JBL seem to love a series, and if you’ve been keeping up with the audio giant, you’d know this. The Charge 5 wouldn’t you know is the fifth iteration of their do it all portable Bluetooth speaker, that’s packing more features than its last iteration, but surprisingly with a couple of changes.
The JBL Charge 5 is a portable speaker that stands at 220 x 95 x 93 mm. It’s cylindrical in shape and stands on its side, as there’s a flat rubber plate on the base. It’s covered in a mixture of rubber and fabric, giving it a nice IPX7 rating, meaning it can be submerged in water and is also dustproof this time round. On the front, JBL’s branding has been updated to give it a much nicer finish and looks a lot more modern than just slapping a JBL badge on the front.

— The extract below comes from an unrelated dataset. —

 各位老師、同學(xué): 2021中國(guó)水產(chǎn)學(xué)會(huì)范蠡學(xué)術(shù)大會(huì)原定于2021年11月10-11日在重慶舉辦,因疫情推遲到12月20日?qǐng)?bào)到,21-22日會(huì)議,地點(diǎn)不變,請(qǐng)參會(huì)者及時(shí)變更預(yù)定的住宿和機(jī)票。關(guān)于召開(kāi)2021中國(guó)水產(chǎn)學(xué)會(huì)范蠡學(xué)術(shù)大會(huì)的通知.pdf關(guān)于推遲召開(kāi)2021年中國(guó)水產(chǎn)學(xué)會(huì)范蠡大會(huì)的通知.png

It’s complemented by a status light on the front, which lights up when you press one of the buttons on top. Speaking about buttons, they’re quite simple. You’ve got your play/pause button as well as separate volume buttons. The circle-like button to the left is JBL’s PartyBoost button, which is a feature that lets you link up to 100 JBL speakers together to fill your house, or even the beach with sound though you can’t connect a PartyBoost speaker to a Connect+ speaker. Directly in the centre, you’ve got a power button and Bluetooth button which light up, giving a tasteful flair to the speaker.

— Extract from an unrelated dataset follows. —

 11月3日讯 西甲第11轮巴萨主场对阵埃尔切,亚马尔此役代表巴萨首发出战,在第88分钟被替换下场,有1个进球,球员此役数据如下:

Round back things have changed slightly with the Charge 5 from older generations. Under the rubberised flap, you can find a USB Type-A port so you can keep your phone charged while playing music, and right next to that you’ve got your USB-C input for charging the speaker itself. Unfortunately, there was no plug in the box, so you’ll have to rely on your mobile phone charger or plugging it into your PC, but that’s no big deal in my opinion. Saving on that plastic wastage. There’s also no 3.5mm aux input for wired music playback either. Is this a problem? Maybe. But in this day and age, if you’re not using Bluetooth for a speaker like this, you’re doing something wrong, of which by the way, it can receive a Bluetooth 5.1 signal. In total, you’ll get around 20 hours worth of playback which is plenty for a day trip to the beach in my opinion, and well into the evening to keep the party going. But of course, this’ll be lessened if you’re charging a phone from it while playing music.

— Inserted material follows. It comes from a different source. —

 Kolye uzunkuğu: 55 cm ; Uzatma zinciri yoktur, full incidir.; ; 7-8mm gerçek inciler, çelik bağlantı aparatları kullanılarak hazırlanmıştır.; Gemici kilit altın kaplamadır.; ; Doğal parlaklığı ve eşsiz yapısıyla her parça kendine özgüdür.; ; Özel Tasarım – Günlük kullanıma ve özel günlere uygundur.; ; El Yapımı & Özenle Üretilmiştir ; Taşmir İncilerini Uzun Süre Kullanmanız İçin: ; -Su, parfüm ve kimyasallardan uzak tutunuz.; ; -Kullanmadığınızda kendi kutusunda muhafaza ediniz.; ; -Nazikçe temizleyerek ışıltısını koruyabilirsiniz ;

The JBL Charge 5 I’m going to say now, for the size of this speaker sounds absolutely phenomenal, and if you’re looking for something to throw in a bag for your summer holidays, to play music in your hotel room before your big night out, or if you’re chilling down on the beach or at a barbeque in the garden, this hits the spot. It features a 52 x 90 mm for its two 65mm bass radiators that can be found on either side of its barrel shape and literally shake when you begin to turn the volume up and a 20mm dome tweeter, which wasn’t around on the Charge 4 to handle all of those higher frequency sounds. All that mixed together gives this portable speaker such a full sound when playing music.
Now I don’t have Tidal or listen to top-notch uncompressed music, I’m a Spotify guy. I was also impressed at its peak volume and the lack of distortion that came with it. The Charge 5 is an extremely capable speaker, no matter what you throw at it, whether it’s the Prodigy’s deep bass pumping audio or Pavarotti’s vocal-led Nissan Dorma. Is it going to blow audiophiles away? No, it’s not. But I don’t feel like that’s its intention. JBL has produced a fantastic speaker for those wanting a bit of power and some decent quality music for their events.
The JBL Charge 5 can be purchased in a number of colours, including a bright red and cool camo colour. Though I’m not sure why, on JBL’s website, the Blue and Black versions are £20 cheaper. Why? I dunno. But it seems odd.